Dr. Marc Edmund Jones (October 1, 1888 – March 5, 1980) was an American writer, screenwriter and astrologer.

Early life

Born October 1, 1888, 8:37 a.m. CST in St. Louis, Missouri, as a child Marc Edmund Jones was interested in complex patterns observable in the environment, and he gradually developed a distinctive personal system of thought that later produced notable perspectives on occultism and the cabalistic world-view in general.

He grew up in Chicago in the social framework of a rather formal, late Victorian parental style. Other early influences were the Christian Science neighbors who moved next door and an aunt who introduced him to theosophy. In 1913 his lifelong interest in astrology was kindled, leading to further investigation into occult principles, and an interest in spiritualism that developed later on.

Work
Marc Jones has been called the dean of American astrology, and is perhaps best remembered as the major leader in the twentieth century of a movement to reformulate the study of astrology.

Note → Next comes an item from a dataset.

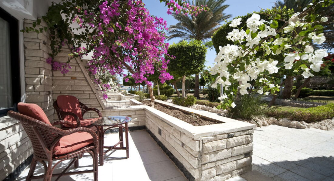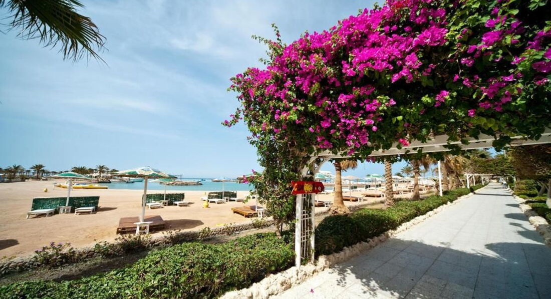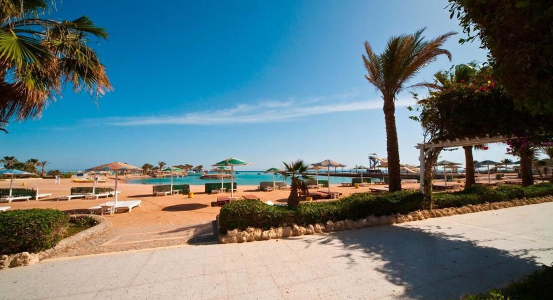 Ехала в Хургаду впервые - одна. После Европы, Тайланда и Турции по дороге к отелю сразу испугали отдаленность отеля от центра и "огней турзоны", мусор на улицах и стройка вокруг. Потом поняла что мусор и стройка это норма в Хургаде. Конечно 2 дня съеденных переносом рейса и ранним отлетом тоже прибавили грусти, но грустить в первый день были поводы поосновательнее))). Ночь прибыли в отель. Сразу предупрежу это конец октября - начало ноября 2015 года. В отеле идет ремонт. После дождя ремонтировали ресторан, посередине строят или обновляют группу корпусов, переделывают дорожки. Заселили в номер 403, на крючке, с облупившимися стенами и потолком, не идущим телевизором, желтой сантехникой, но самое главное - у входа валялась куча стройматериалов и пахло известью!!!. Пошла на ресепшен, пришлось доплатить по 5 $ за сутки чтобы меня поселили в 8 корпус. Просила ближе к морю но сказали что все занято а в более комфортных номерах типа стандарт (без доплаты) они размещают только семьи... Конечно это была "шутка"..... Так как во всех номерах которые я там видела 2 кровати (большая и маленькая) и номера достаточно просторные. Короче с 3 раза номер мне более - менее понравился, но не было цепочки на двери и пульта. Замки там межкомнатные, открываются любым ключом (поэтому наверное нужна цепочка) и поэтому в отеле есть бесплатный сейф на каждого клиента он находится в здании ресторана. В номере душ, конечно вода выливается в сторону прямо на сантехнику, стоящую рядом и на полу в ванной вода... Раковина, фен. Меня удивило что в спец емкость у раковины наливают только жидкое мыло нет ни геля, ни шампуня фирменных в отеле. Пришлось покупать. Цепочку просила сделать 3 дня. Только благодаря администратору Ирине - она моя землячка все проблемы удалось решить. Очень приятная девушка и грамотно все объясняла что и как нужно здесь делать и куда и зачем можно сходить и где погулять. Утром порадовал хороший шведский стол ЗАВТРАК с оладушками, йогуртом, яишницей с разными наполнителями и прочее... только кофе был растворимый.. Но потом в отремонтированном здании ресторана стояла кофе машина и все было окей!!. Территория отеля шикарная 4 пляжа, 2 бассейна - плавай, загорай .. можно потеряться или сгруппироваться на ваш вкус... У пляжей коктейли, закуски, мороженка после обеда.. Короче с едой там все хорошо. Ужин обязательно мясо или рыба или то и другое на гриле. Супчики с гренками отличные, фрукты.. многие поправились.. благодаря хорошему рациону.. и аппетитному оформлению блюд. Но... сразу бросилось в глаза как обслуживают нашего брата.. публика русская была очень приличная, без скандалов, стадности и хамства и КАК ОБСЛУЖИВАЮТ ИНОСТРАНЦЕВ!!!! Иностранцам приносят все на подносах, напитки в стеклянной посуде. Русским конечно в пластмассовой. Но потом понимаешь, что если ПОПРОСИШЬ в стекло.. нальют в стекло... Отдельно про отельных гидов Не помню как звали нашего А... от Анекс -тура он прям был описан в отзывах точно ... Если не покупаешь у него экскурсию то сразу презрение и не желание консультировать не по каким вопросам. И потом была Юлия... та даже лицо в наше сторону не поворачивала когда отвечала на вопросы... Про нее также в отзывах есть много точных определений. Хорошая анимация, из за большой территории отеля ее не всем было видно. Но я ходила на зарядку с элементами йоги и аквааэробику, был еще

He developed the seven categories of horoscopic patterns or distributions of the astrological planets around the zodiac, which are called the Splay, Splash, Bundle, Bowl, Locomotive, Bucket, and Seesaw shapes or patterns.

He created the Sabian Symbols with the assistance of the clairvoyant Elsie Wheeler in 1925, and in 1953 he published The Sabian Symbols in Astrology, a book that renders a specific symbol and interpretive character for each of the 360 degrees of the zodiac that are found on the astronomical ecliptic.

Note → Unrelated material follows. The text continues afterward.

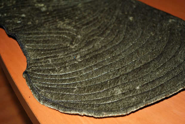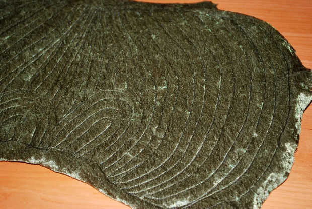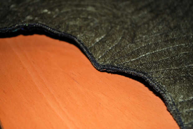 He presentado el terciopelo, plano hacia arriba, por debajo del cojín del asiento y cortar el terciopelo hacia fuera con sobre un margen de costura de 1". Me cubrió el respaldo hacia abajo con cuidado y directamente había cosido todas mis líneas de acolchado en negro. Por supuesto que sería un poco más rápido si lo hice al mismo tiempo como que me acolchar todo el terciopelo en la parte superior. Lamentablemente eso significa generalmente que el respaldo se desplazará alrededor mientras estoy trajinando con la parte superior y hacer un lío. Es más simple y más fácil hacia atrás, incluso si esto significa costura cada línea varias veces. También hace la pieza super fuerte.

Early in life he became a prolific and successful writer of movie scenarios, and worked in that profession for many years. He founded the special-studies group known as the Sabian Assembly in 1923, still in existence in the twenty-first century.  He was ordained as a Presbyterian minister in 1934, and later received the PhD degree from Columbia University. He taught and lectured across the USA for many years. 

His most voluminous written work is the set of Sabian lessons on philosophy, the Bible, astrology and cabalistic pattern, at which he labored for decades.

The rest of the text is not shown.